Доброе Копье не отвечал ни слова, смущение его становилось час от часу очевиднее, и легкий трепет пробегал по всему телу. Рыцарь-защитник хотел было спросить его о причине этого странного состояния, но капитан вдруг опустил забрало шлема, закрыв изменившееся лицо. В это время паж, одетый в богатое платье, подъехал к нему и учтиво просил приблизиться к группе французских рыцарей, которые, спешившись, стояли вокруг Дюгесклена и слушали его рассказ об опасности, какой он еще так недавно подвергался.

Получив это приглашение, начальник живодеров вздрогнул. Он кивнул пажу головой, потом, обратясь к одному из своих сержантов, приказал ему дать отряду отдых. Но опущенное забрало, или, может быть, волнение так изменили его голос, что едва можно было разобрать, что он говорил. Исполнив эту обязанность, он последовал за пажом, оставив сира де Нексона и сержанта в недоумении насчет этих странных манер, так противоречивших прямому и смелому обращению капитана.

Рыцари устремили глаза на Анри с участием и любопытством, и это обстоятельство еще более увеличило его тайное смущение. Приблизившись к группе, Доброе Копье соскочил с коня, отдал его пажу и, подойдя к французам, раскланялся со всей вежливостью.

– Клянусь Богом, храбрый оруженосец,– сказал ему Оливье Дюгесклен, протягивая руку,– я хочу первым поблагодарить вас за помощь, которую вы оказали моему доброму и почтенному брату! Вы поступили честно и благородно.

– И я, мессир,– произнес Готье де Мони, гордый и суровый рыцарь, облаченный в черные доспехи, со смуглым лицом в шрамах,– я скажу вам, что все рыцарство и дворянство Франции будет завидовать вам за ту услугу, какую оказали вы моему благородному брату Бертрану… Клянусь честью! Я отдал бы десять лет своей военной жизни, чтобы только иметь счастье совершить подвиг, столь приятный нашему королю и всему христианскому миру.

– Не сожалей, Мони,– смеясь, сказал Дюгесклен.– Если взять в расчет все удары, которые ты получил за меня, так ты будешь самый богатый из всех моих добрых друзей и товарищей, не исключая даже самого храброго Клиссона.

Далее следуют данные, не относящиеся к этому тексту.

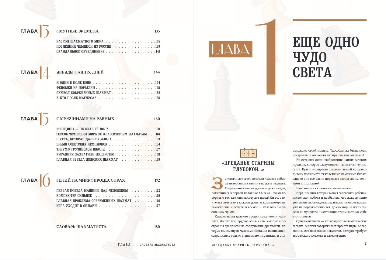 - Историю шахмат от зарождения до современности красочные иллюстрации, отражающие историю игры;
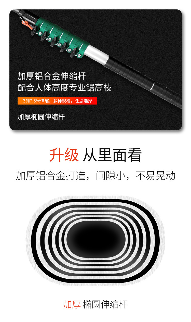 • Mudster Teflon 7.5m 두꺼운 타원형 막대 높은 가지 톱

Доброе Копье получил такие же приветствия от Галерана, сына графа Сен-Поля, от Оливье де Мони и других знатных особ. Все наперебой старались доказать, что они глубоко ценят услугу, оказанную их знаменитому полководцу. Предводитель живодеров принимал все эти похвалы молча, и каждый из рыцарей думал, что одно глубокое почтение к таким важным особам заставляло капитана хранить молчание.

Только один из рыцарей, по-видимому, могущественнее прочих, не сказал ни слова привета Доброму Копью. Это был человек уже преклонных лет, худой и сухой, со строгим взглядом, на лице которого виднелись следы давнего внутреннего страдания. Его серебряные доспехи, двухцветный плащ с вышитыми на нем серебряными гербами, роскошно убранный шлем – все показывало в нем богатого и могущественного вельможу. В самом деле, это был граф д’Арманьяк, имя которого через несколько лет стало столь знаменитым. Взгляд его неотрывно был устремлен на Доброе Копье в то время, как другие рыцари осыпали его похвалами.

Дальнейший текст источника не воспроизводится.